Con Innova.Luppolo il Crea studia gli usi alternativi alla produzione della birra

In Basilicata tre campi catalogo del progetto seguiti in collaborazione con l'Alsia

Data : 01 September 2020

Si chiama “Innova.Luppolo”  ed è il progetto con cui il Centro olivicoltura, frutticoltura e agrumicoltura di Roma del Crea sta lavorando alla sperimentazione di usi alternativi alla produzione di birra.

La coltivazione di luppolo, infatti, è ancora poco diffusa in Italia. Sono stimati circa 100 ettari che potenzialmente potrebbero prestarsi ad altri utilizzi.

In particolare il Crea ha focalizzato l’attenzione su un diverso impiego dei coni in modo che un'azienda agricola possa trovare, in futuro, con una filiera organizzata, una fonte integrativa di reddito. 

Tre dei campi catalogo del progetto sono in Basilicata e seguiti in collaborazione con l'Alsia. Altri due si trovano  uno in Abruzzo e uno in Friuli Venezia Giulia costituito. Alla valutazione del Crea da un punto di vista chimico, sia genetico, sia fenotipico  sono le accessioni spontanee che si stanno scoprendo con  un buon contenuto di sostanze bioattive.
In Basilicata si sta puntando sugli usi officinali del luppolo, un progetto che ha già incrociato l'interesse dell'industria.

Il  progetto “Innova.Luppolo” intende creare un database di luppoli autoctoni, catalogati in modo che siano chiare le attitudini di ciascuno, se più brassicole o più officinali, che sia di supporto ad un futuro programma di breeding.

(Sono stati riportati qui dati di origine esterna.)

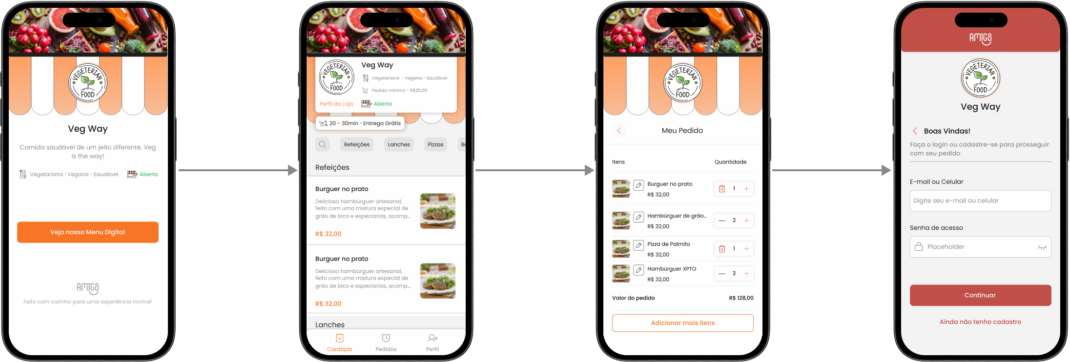 Para reduzir ao máximo os pontos de fricção na apresentação da loja ao cliente, decidimos deixar o usuário à vontade para navegar pelo cardápio desde o primeiro acesso:

Molto interessante anche l'utilizzo in ristorazione dei germogli di luppolo. Per quanto riguarda la normativa sulle piante officinali, il riferimento è il decreto legislativo n. 75 del 2018 che disciplina la coltivazione, la raccolta e la prima trasformazione delle piante officinali. Lo stesso provvedimento legislativo prevede l'istituzione di un elenco delle specie di piante officinali coltivate con diverse applicazioni, da usi alimentari a cosmetici, da usi farmaceutici a liquoristici, ecc. Il Crea ha proposto l'introduzione del luppolo in quell'elenco che però al momento è in attesa dell'approvazione da parte dei ministeri interessati per poi passare all'approvazione finale in Conferenza Stato Regioni.